LITTLE VIEW: Pan African struck gold to buy mines


Investing in the gold mining sector comes with its ups and downs.

While throwing your weight behind the time-honour-the-machine can produce promising returns if all goes to plan, the rewards come with a significant risk factor.

Mining permits have been canceled and delayed, regional disputes, market volatility, and simply the results have been disappointing.

But that will be more rewarding as the risk premium increases in the right direction.

Remove it Pan AfricanThe Cobus Loots chief executive is approaching his 10th anniversary as the top dog at the gold producer in London and Johannesburg.

There have been several notable Pan African wins in recent months, including the buyout of Tennant Consolidated (TCMG), which is building a gold project in Australia’s Northern Territory.

Speaking about the acquisition with Proactive, Loots said it was ‘an opportunity to expand production, transform our business, reduce costs and achieve growth that we believe is worth it. right’.

Pan African recently announced the successful operation of the Mogale Tailings Retreatment (MTR) in South Africa.

According to the Pan African boss, the takeover of Tennant Consolidated will increase production, diversify and reduce costs.

According to the Pan African boss, the takeover of Tennant Consolidated will increase production, diversify and reduce volatility

This project will expand the capabilities of Pan African production. But it’s more than that.

The 100-year history of South Africa’s great gold mining is etched into the landscape in the form of these traditional tailing shields.
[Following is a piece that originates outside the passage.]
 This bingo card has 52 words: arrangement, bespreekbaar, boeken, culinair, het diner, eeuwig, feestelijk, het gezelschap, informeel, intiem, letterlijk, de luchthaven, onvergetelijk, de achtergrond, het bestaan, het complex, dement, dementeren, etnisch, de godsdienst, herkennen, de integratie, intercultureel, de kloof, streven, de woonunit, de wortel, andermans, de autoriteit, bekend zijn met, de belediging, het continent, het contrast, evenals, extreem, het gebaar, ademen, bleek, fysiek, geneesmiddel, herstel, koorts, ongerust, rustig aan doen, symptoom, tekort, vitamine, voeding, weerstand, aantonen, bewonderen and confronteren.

Tails are gold mining products. A lot of stuff was left after the gold was taken out of the ground. These tailings are then disposed of in areas known as tailings dams.
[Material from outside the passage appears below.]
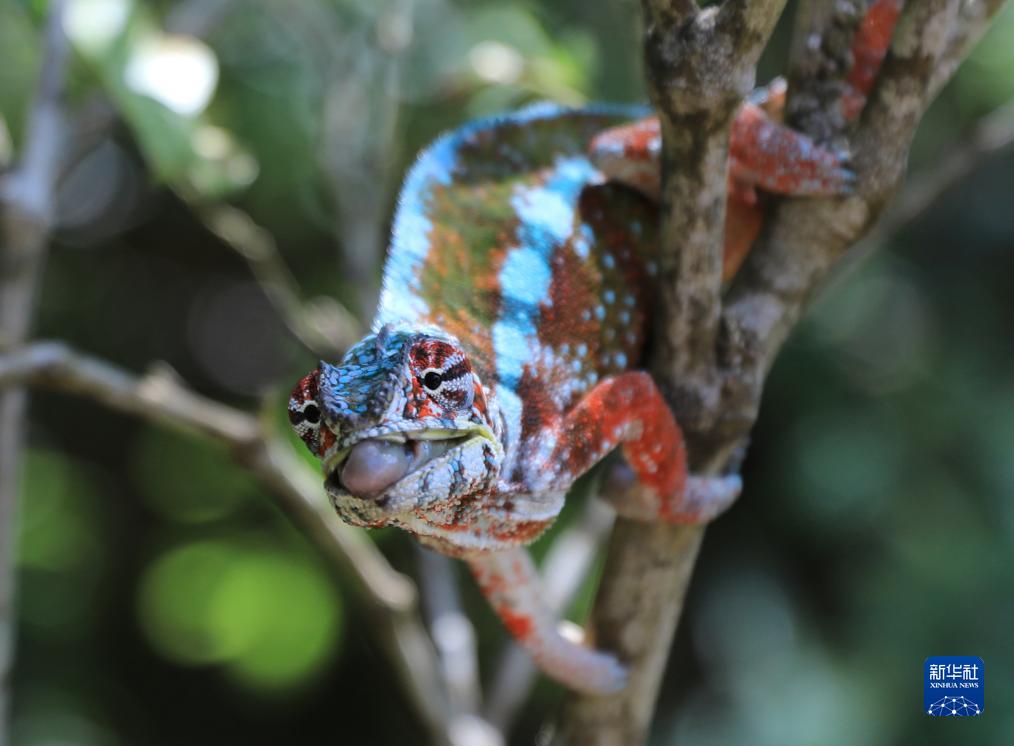 这是11月27日在马达加斯加马罗泽沃村蝴蝶谷拍摄的变色龙。 马达加斯加是生物多样性最为丰富的国家之一。世界上有150种左右变色龙,其中约一半分布在马达加斯加。 新华社记者 董江辉 摄 这是11月27日在马达加斯加马罗泽沃村蝴蝶谷拍摄的变色龙。 马达加斯加是生物多样性最为丰富的国家之一。世界上有150种左右变色龙,其中约一半分布在马达加斯加。 新华社记者 董江辉 摄

They are not worthless. In fact, it is a gold mine, albeit of a very low grade.

Pan African is one of the three main companies that mine these tailings to extract the remaining gold.

About 0.3 grams of gold per ton is extracted from these tailings, and although recovery is only half the cost, the payoff makes the operation worthwhile.

‘Because it’s simple and efficient and scalable, it gives us these economies of scale,’ says Loots.

There’s also a big ESG angle, as you’re reducing legacy liabilities (and) consolidating residual tailings on new, new buildings, he added.

On average, it costs about $1,000 to produce an ounce of gold from an MTR tailings facility. Not bad when the price of gold is more than double.

This brings us to a great place.

By 2024 gold prices had reached an all-time high of $2,800 per ounce at the end of October.

Although prices have entered a correction phase, gold remains firm at $2,568 per ounce (as of November 15).

Gold hopes it can sustain these price increases in the year ahead, as Pan Africa has some high investment targets on its hands.

In the 2024 fiscal year that ends on June 30, Pan African has a measly 190,000 ounces from all its operations. The current production target is 215,000 ounces, a 16 percent increase over the previous year.

For next year? With the MTR running on a continuous slope and the Tennant Creek operation, ‘production will be close to 300,000 ounces’

Loots said.

To top it all off, Pan African is tapping into renewable energy to help maintain the margins it needs.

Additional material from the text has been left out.